President's Welcome
Dear Fellows
This is the first of a series of messages from me, as your new President.
To be the 50th President of the Royal Society of Tropical Medicine and Hygiene, and its first woman president, is a huge and slightly daunting honour. It is a challenging time to be President, but also an exciting one.
The Society is changing. The last two presidents, Professor Brian Greenwood and Professor David Molyneux, have done a fantastic job, and have steered RSTMH very effectively into a new way of operating. These changes include holding a biennial residential meeting (of which more later), and strengthening the management team with the appointment of a Chief Executive Officer, Gerri McHugh.
The new team in 49-51 Bedford Square now enable the Society to move forward in many areas where previously we did not have the manpower. For example, RSTMH has a new phone system, and if you ring up out of regular UK office hours, you can now be confident that the staff will pick up your message. The new website should be in place by the early autumn, and a new database will help us update contact details.
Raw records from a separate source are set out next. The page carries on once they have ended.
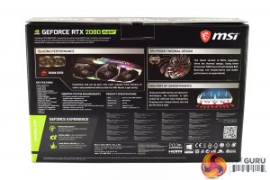 On the back of the box, MSI highlights a few key features of the card including the heatsink, Torx fans and RGB lighting.
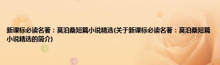 本文关于新课标必读名著:莫泊桑短篇小说精选的简介就讲解完毕,希望对大家有所帮助。
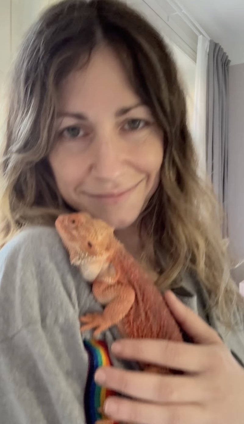 I en video visar hon upp när hon står och myser med en ödla, en skäggagam.
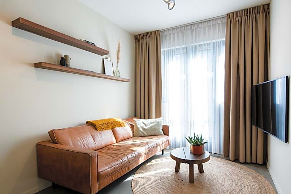 Spacious apartment features a balcony with panoramic Aegean Sea views, soundproofing and bathrobe.
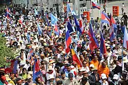 - ↑ Dorian Malovic, « Elections au Cambodge : l’opposition unie face à Hun Sen », La Croix, (lire en ligne)
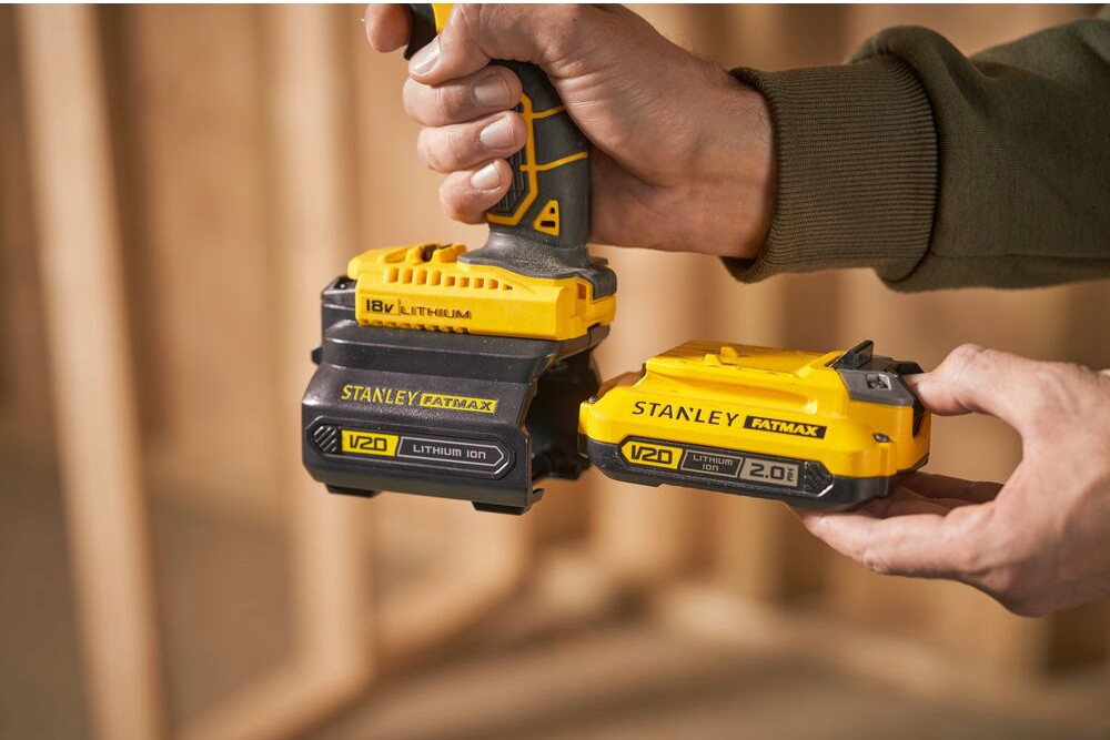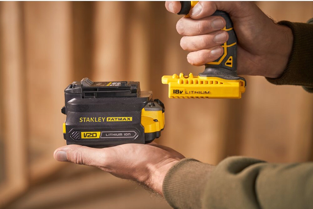- Адаптер перетворює 18 В Stanley® FATMAX® V20 1,5 AH та 2,0 AH батареї для використання зі старими електроінструментами 18V Stanley® FATMAX®.
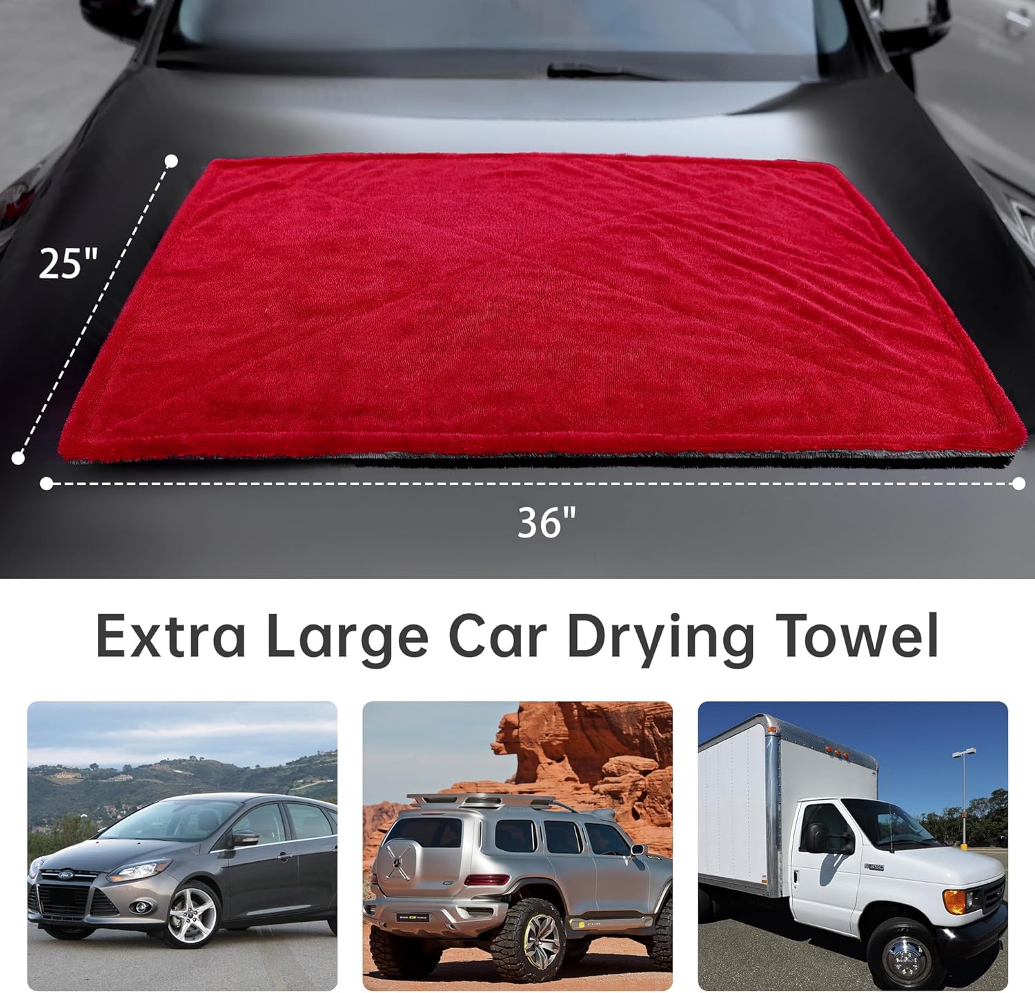 - EXTRA LARGE SIZE - This car drying towel measures 25" x 36". Dry your entire car or truck easily and quickly with this super soft twisted loop microfibre drying towel, so your car will always be spotless
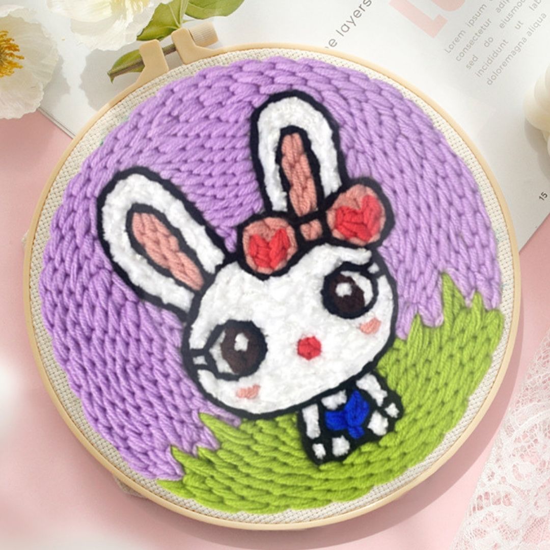 Modello: Punch Needle Kit Coniglio con fiocco rosso
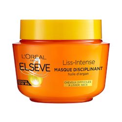 Elseve, Liss-Intense L'Oréal Paris, Masque, Crème, Cheveux secs, Cheveux difficiles à lisser, lissage difficile, huile d'argan, Cheveux disciplinés, fristottis, anti-frisottis, cheveux souples, cheveux nourris.
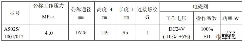 表1-10補水電磁閥主要技術(shù)參數(shù)
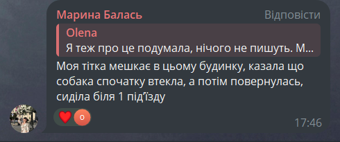 Увесь день у соцмережах містян непокоїла доля песика, з яким гуляла жінка. У коментарях у телеграм-каналі «Кременчуцького Телеграфа» очевидці написали, що собака спочатку злякався і втік, але за якийсь час повернувся й сидів під під'їздом. Згодом господар, чоловік постраждалої, песика спіймав.
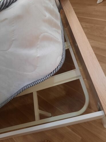 - Tək nəfərlik çarpayı: yumşaq başlıq, metal karkaslı ortopedik əsas; uyğun ölçülü döşək daxildir (şəkildə).
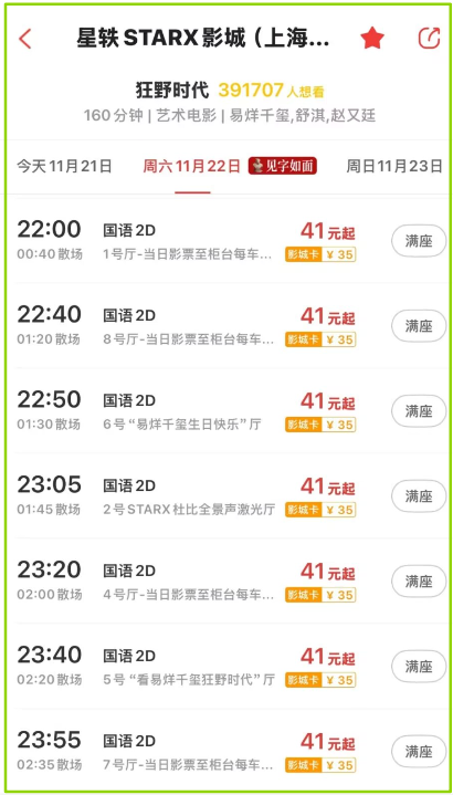 从上海某影城的排片来看,从晚上十点到十二点期间,一共有7场,场场爆满。周末的这个时间点,有一场满座还算正常,但场场都是满座,显然是有问题的。
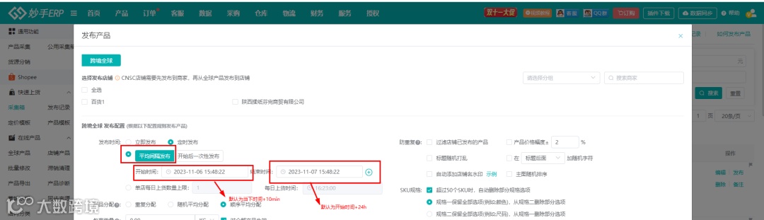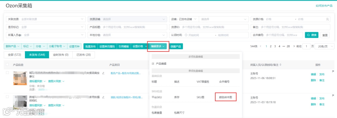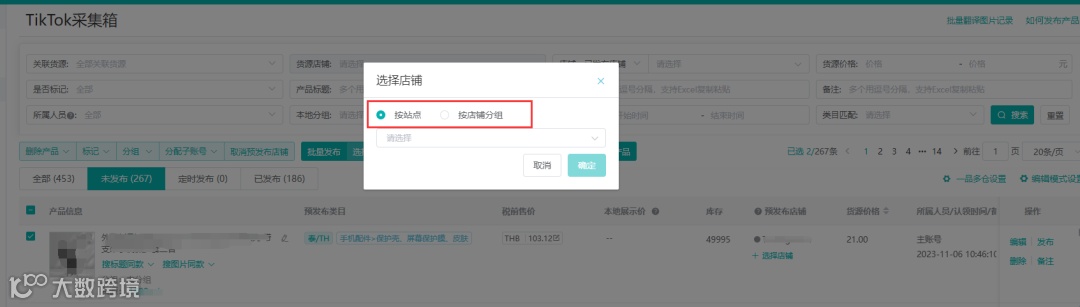 - 采集箱支持按“站点”和“店铺分组”快速选择店铺
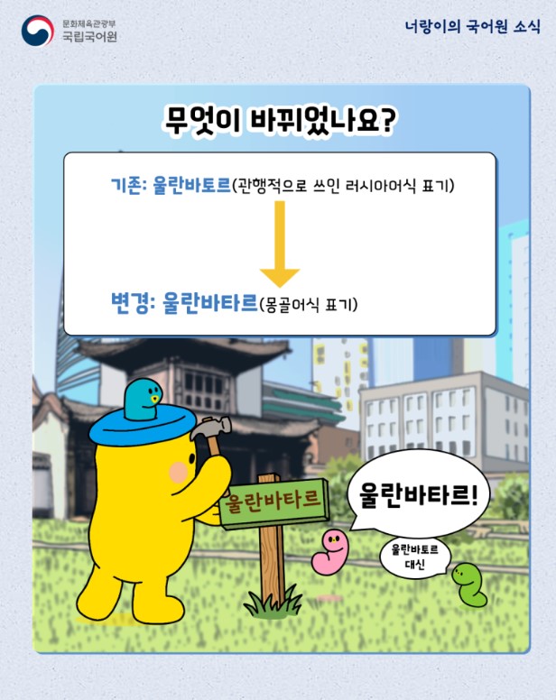 안녕하세요? 너랑이가 전해 드리는 국어원 소식 시간이에요. 오늘은 몽골 수도의 한글 표기 변경 소식을 가...
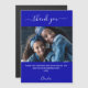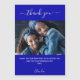 Couleur arrière - plan bleue royale. Écriture en lettres blanches, à grande main, avec swashes et texte : Merci. Personnalisez et ajoutez votre photo, merci note et nom.
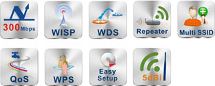 • Wireless Mode AP, WDS, AP+WDS, Repeater, Client, Multiple AP
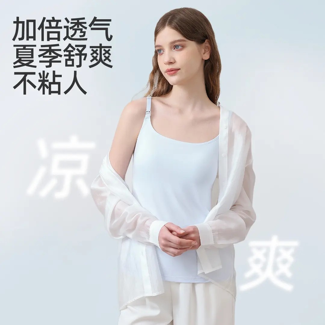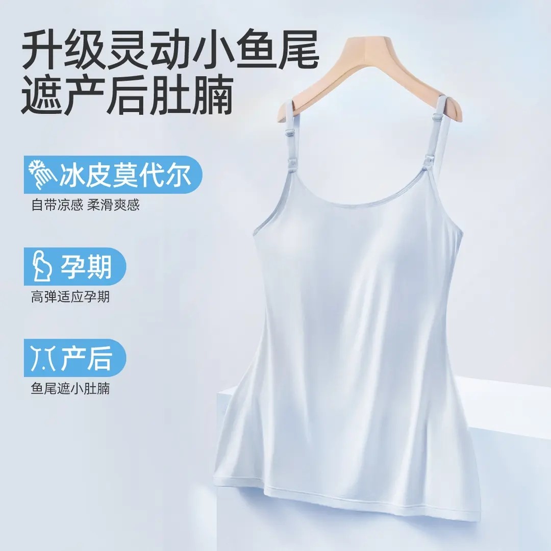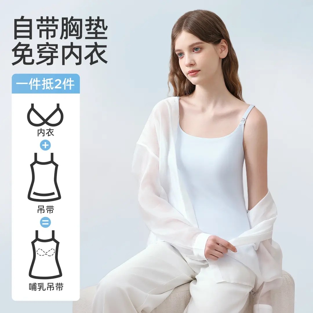【鱼尾小冰皮】婧麒哺乳吊带背心新款夏薄款带胸垫免穿文胸上衣
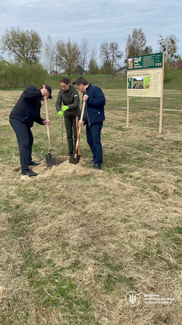 Екологічна ініціатива «Шевченко єднає Україну» знаходить своє продовження на Рівненщині. У місті Рівне представники Державної екологічної інспекції Поліського округу спільно з партнерами долучилися до висадження дубів, вирощених із жолудів дерев, що є живими свідками шевченківської доби.
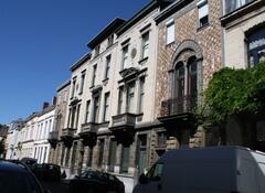 De afbeelding 'Ensemble van zes woningen' gemaakt door Hooft, Elise wordt ter beschikking gesteld door Agentschap Onroerend Erfgoed (AOE) onder de volgende voorwaarden: Modellicentie voor gratis hergebruik, Naamsvermelding-GelijkDelen 4.0 Internationaal.
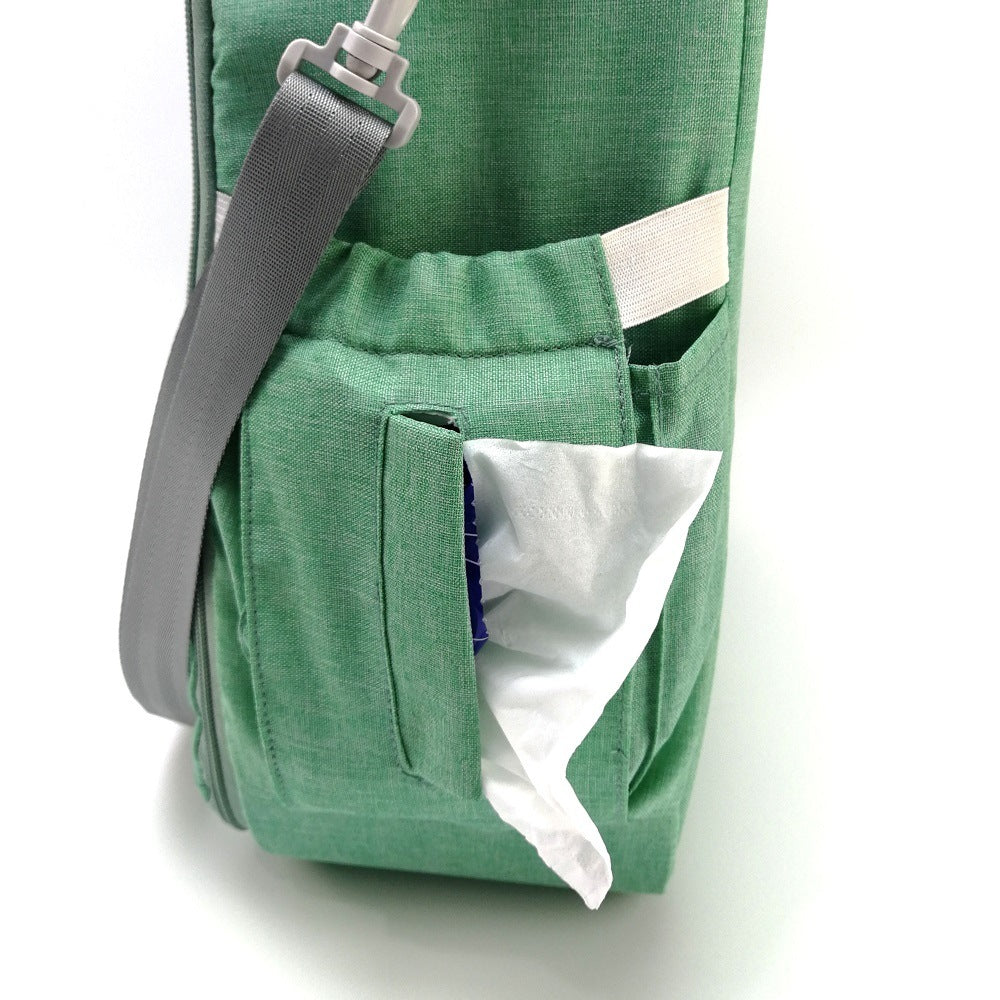 The stylish diaper bag combines as travel crib, nappy bag and portable baby changing station all in one, with practical, multipurpose, convenient and generously spaced bag, let your baby sleep anywhere comfortable and securely.
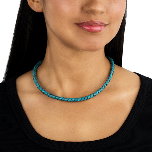 Braided Turquoise Genuine Leather Sterling Silver Necklace, 17-20 Inches
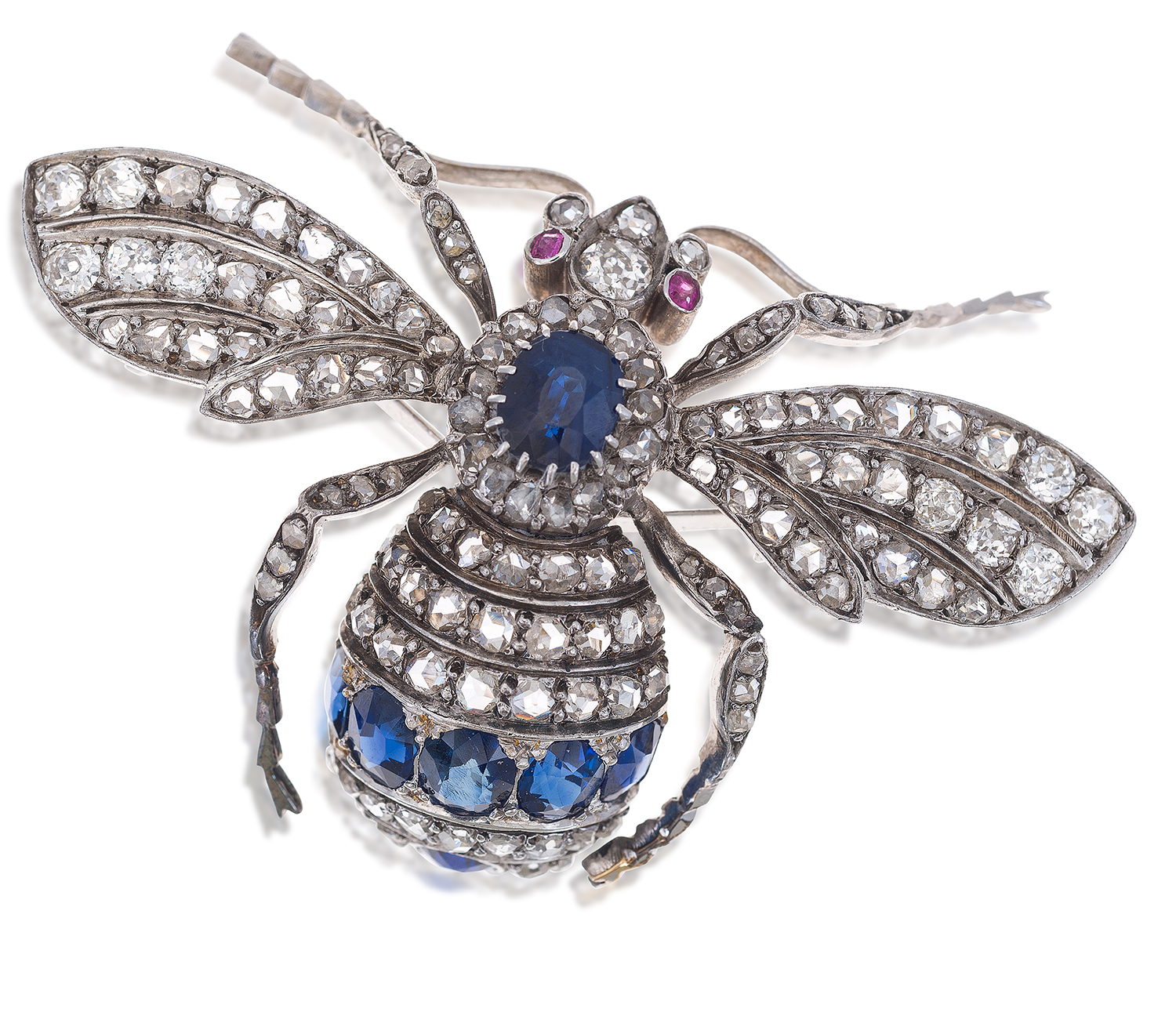 The large insect having seven oval cut sapphires set to the body, with rose and old European cut diamonds set to the body, wings and legs, finished with ruby set eyes, all mounted gold.

The Society is special. It covers tropical medicine, international health, health policy, clinical and epidemiological studies and laboratory science. Many of the Fellows are medically qualified, but both David Molyneux and I are PhD scientists rather than medics. For me a huge plus is the ability to make contacts and socialise with people while hearing excellent talks that are usually well outside my own area of research (which is the immunology of mycobacteria). Our recent meeting at the Linnean Society made me think about biodiversity in a way I should do more often – and some things have stuck in my mind, like the use of animals to develop medical treatments, and the extinction of a very unique frog that swallowed its eggs and then raised the small frogs in its mouth.
Hopefully some of you will be at the FESTMIH Congress in Verona from 06 to 10 September, where we will officially launch our new journal, International Health.
The dates for our next biennial meeting in Liverpool are also fixed, so please put 08-10 September, 2010 into your diary; further details about the scientific programme will follow in the autumn.
I hope that I will be able to meet with as many of you as possible during the next two years, in London, at our meetings, or at other international meetings. In particular I am eager to hear more from Fellows, wherever they are based, about what you value most about the Society and what extra benefits the RSTMH might bring you.